* Work order *
Exactly the lines below from the one with "Nalepovací skiny Doto" up to and including the one with "화제를 모으기도 했다." make up the answer, with nothing else added.

[Opening Material shown section]

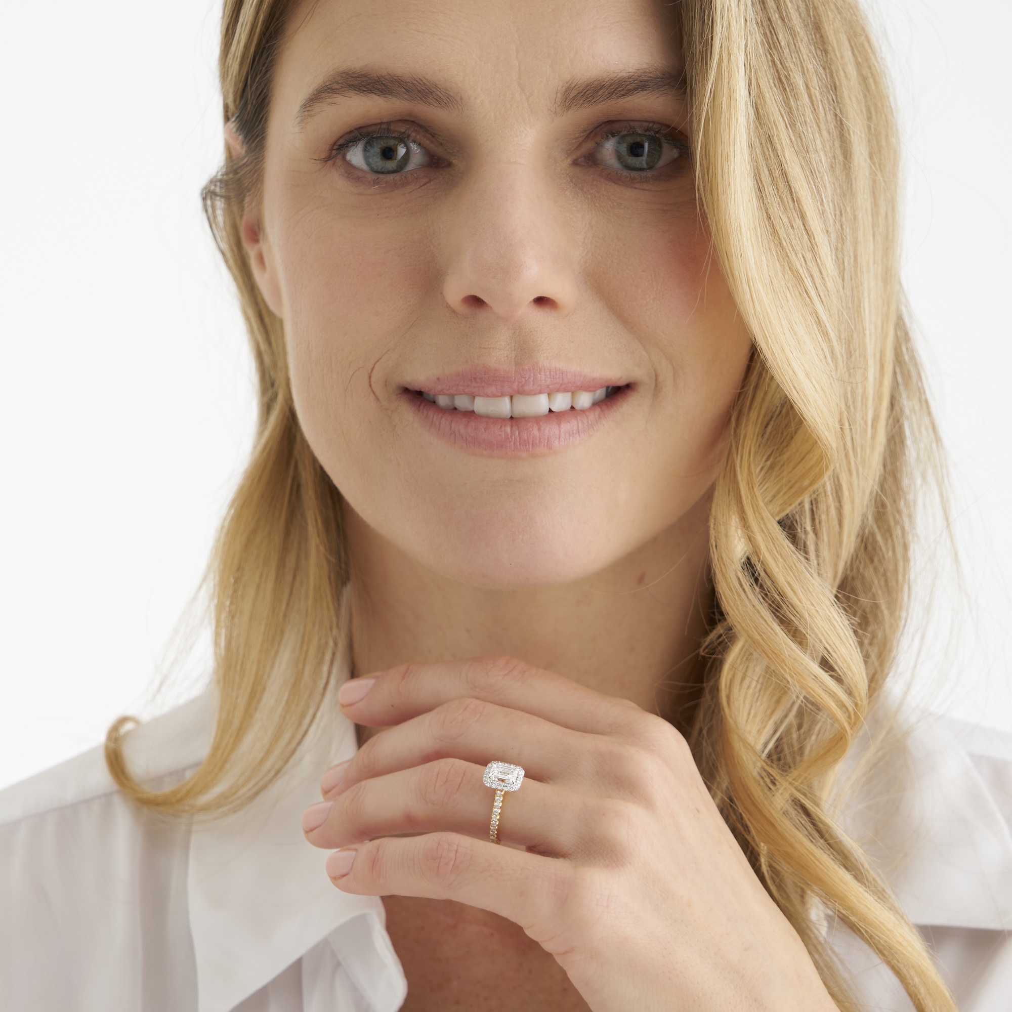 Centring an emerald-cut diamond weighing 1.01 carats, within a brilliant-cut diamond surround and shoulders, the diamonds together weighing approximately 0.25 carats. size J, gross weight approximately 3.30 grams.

[Closing Material shown section]
[Opening Material shown section]

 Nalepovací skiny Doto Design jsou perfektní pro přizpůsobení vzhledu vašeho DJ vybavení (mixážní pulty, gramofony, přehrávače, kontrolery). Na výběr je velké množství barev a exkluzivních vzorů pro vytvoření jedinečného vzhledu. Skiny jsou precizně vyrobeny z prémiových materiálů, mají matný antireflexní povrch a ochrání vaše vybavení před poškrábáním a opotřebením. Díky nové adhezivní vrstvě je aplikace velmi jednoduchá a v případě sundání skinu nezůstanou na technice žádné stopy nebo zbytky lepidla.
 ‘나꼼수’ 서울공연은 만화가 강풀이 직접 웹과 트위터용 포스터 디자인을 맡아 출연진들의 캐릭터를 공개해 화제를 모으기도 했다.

[Closing Material shown section]

* Response to this task *
 Nalepovací skiny Doto Design jsou perfektní pro přizpůsobení vzhledu vašeho DJ vybavení (mixážní pulty, gramofony, přehrávače, kontrolery). Na výběr je velké množství barev a exkluzivních vzorů pro vytvoření jedinečného vzhledu. Skiny jsou precizně vyrobeny z prémiových materiálů, mají matný antireflexní povrch a ochrání vaše vybavení před poškrábáním a opotřebením. Díky nové adhezivní vrstvě je aplikace velmi jednoduchá a v případě sundání skinu nezůstanou na technice žádné stopy nebo zbytky lepidla.
 ‘나꼼수’ 서울공연은 만화가 강풀이 직접 웹과 트위터용 포스터 디자인을 맡아 출연진들의 캐릭터를 공개해 화제를 모으기도 했다.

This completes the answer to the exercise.